The House bill, if signed into law, "will not help victims of violence hold police accountable," Rose added, calling for an end to qualified immunity and the empowerment of "victims of police violence to seek justice for the harms they have suffered and to hold abusive officers directly accountable."
Among the various permanent commissions the bill creates, one on the status of African Americans would attempt to help lawmakers create solutions to discrimination and issues facing the Black community. The legislation also bans the use of facial technology, chokeholds, and regulates the use of tear gas and rubber bullets unless officers have no other options to protect public safety.

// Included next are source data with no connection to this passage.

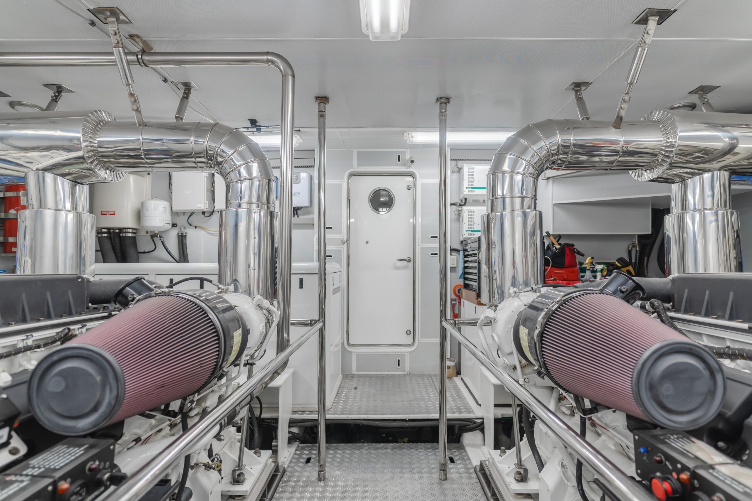 • Полная система Sonos по яхте (включая флайбридж), 5 сабвуферов; новый Ethernet по всему судну; Wi-Fi/спутниковый интернет Starlink; новые ТВ в мастер-каюте, салоне, VIP, гостевых каютах, на верхней палубе и в кокпите.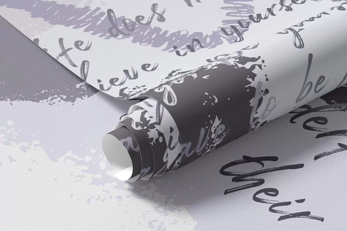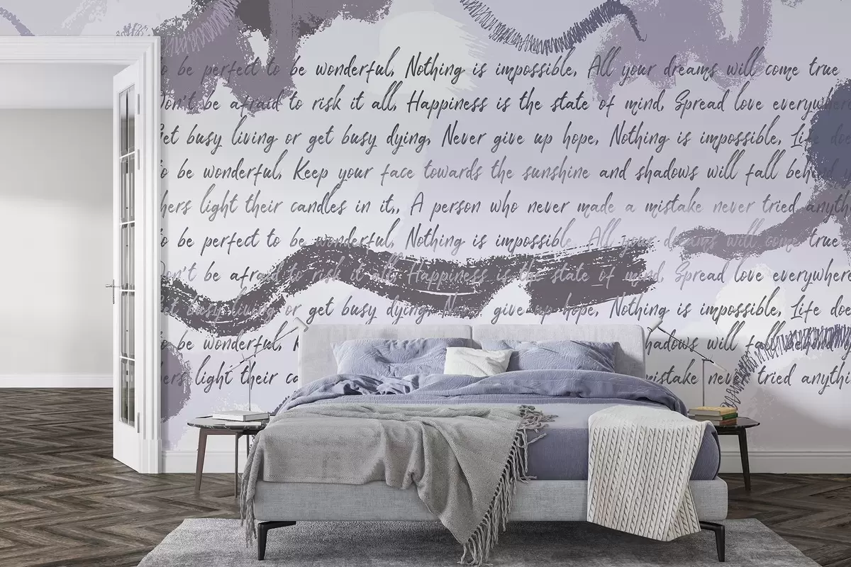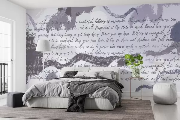 Murais de parede Design com citações inspiradoras, abstração e cores roxas Nr. w03909v2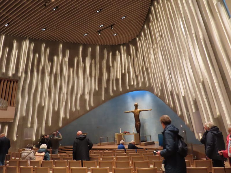 Bevor wir diese sehr eindrückliche Kathedrale verlassen, erfahren wir noch, dass die Jesus-Statue es fast nicht bis hierher geschafft hätte. 4.5 m hoch, 2 Tonnen schwer und aus Bronze gegossen, wurde sie von der fernen Toscana mit italienischen Lastwagen nach Norwegen transportiert. Sie kamen in Oslo an. Und es schneite und natürlich hatten die Lastwagen keine Spikes an den Reifen. Am nächsten Tag stand es auf vorderster Seite in den Zeitungen: Jesus war die Einreise nach Norwegen veweigert worden.“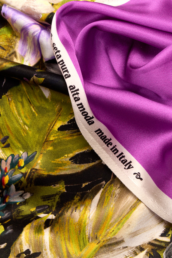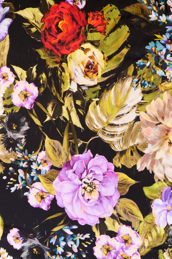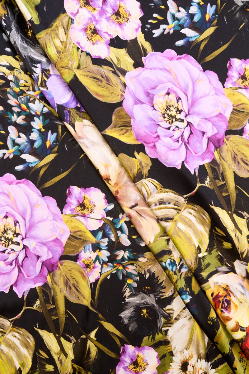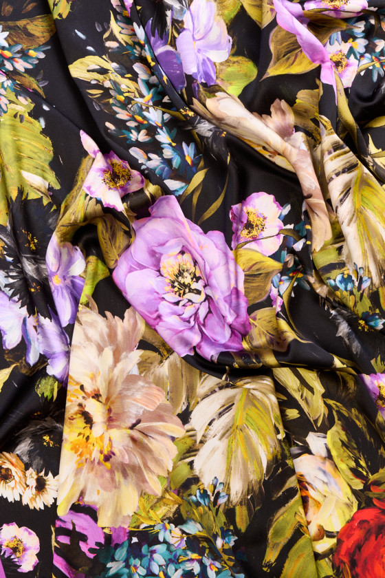 Taliansky hodvábny satén s prídavkom elastanu s maľovanými kvetmi na čiernom pozadí. Veľké kvetinové motívy rôznych veľkostí v odtieňoch fialovej, zelenej, červenej, čiernej obohatené o menšie kvety v morskej farbe. Jeden okraj je zdobený fialovým okrajom širokým 16 cm. Krásna ponuka pre ľudí, ktorí majú radi kvetinové vzory. Pridanie elastanu uľahčuje nosenie a menej vrások. Je ideálny na šitie originálnej košele, šiat, sukne a voľnejších nohavíc.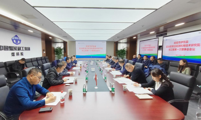 11月11日,哈密市伊吾县富油煤清洁高效利用技术研究院第一次理事会会议在煤科院召开。伊吾县政府常务副县长张克文、副县长高健、伊吾县工信局党组书记吴东云、新疆大学省部共建实验室主任贾殿赠、新疆宣东能源有限公司总工陈步宁、广汇能源股份有限公司总经理闫军、伊吾疆纳新材料有限公司董事长张教、宣东研究院副院长周玉生等参加会议。煤科院党委书记、董事长李振涛,党委委员、副总经理尚庆雨出席会议。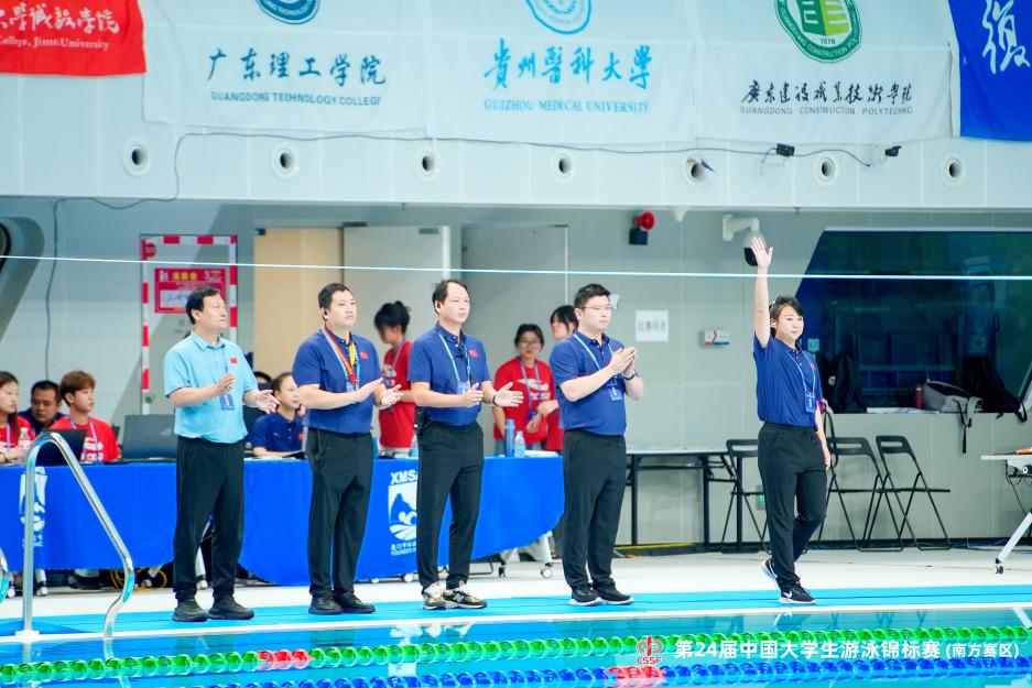刘娜老师同样受邀执裁第24届中国大学生游泳锦标赛(南方赛区)。作为国家级游泳裁判员和发令员代表,她在开幕式上作为裁判团队成员宣誓,并在赛事中精准把控发令环节,以严谨的态度和专业的表现履行裁判职责,其专业素养获得了赛事组委会与各参赛高校的广泛认可。

A push to completely ban the use of tear gas and other chemical weapons by police officers in the House version failed Thursday after Rep. Mike Connolly's amendment died on a 38-120 vote. Rep. Jack Patrick Lewis publicly supported the amendment comparing the use of such weapons to scenes of the "horrors of war and authoritarian regimes."
Much of the debate in the House took place behind closed doors and on conference calls and House leaders packed bundles of proposed changes into three consolidated amendments, an approach that limited some public debate. The first dealt with the standards that must be met in order for a preliminary inquiry into an officer's conduct to be launched and for an officer to be certified.
Under one successful consolidated bundle, the commission could start a preliminary inquiry if it finds "by a preponderance of evidence" that the officer was part of an officer-involved injury or death, committed a felony or misdemeanor or violated state standards. Requirements to decertify an officer remained "by clear and convincing evidence."
One proposal from Rep. Liz Miranda drew emotional speeches from Democrats and a Republican around the issue of further restricting no-knock warrants. The amendment passed on a 83-76 vote Wednesday and only allows law enforcement officers to use the warrants if they have "no reason to believe that minor children or adults over the age of 65 are in the home."
Rep. Timothy Whelan, a former State Police trooper, argued that the amendment put law enforcement lives in danger and recounted a situation where he said he would likely have died if a no-knock had not been utilized.
Prior to the vote, Miranda recalled the death of Breonna Taylor and Ayanna Stanley Jones, both of whom were killed after police entered their households.
"It could have happened in Massachusetts," Miranda said on the House floor, adding that her amendment "is to save women like me, like Breonna, and girls like Ayanna."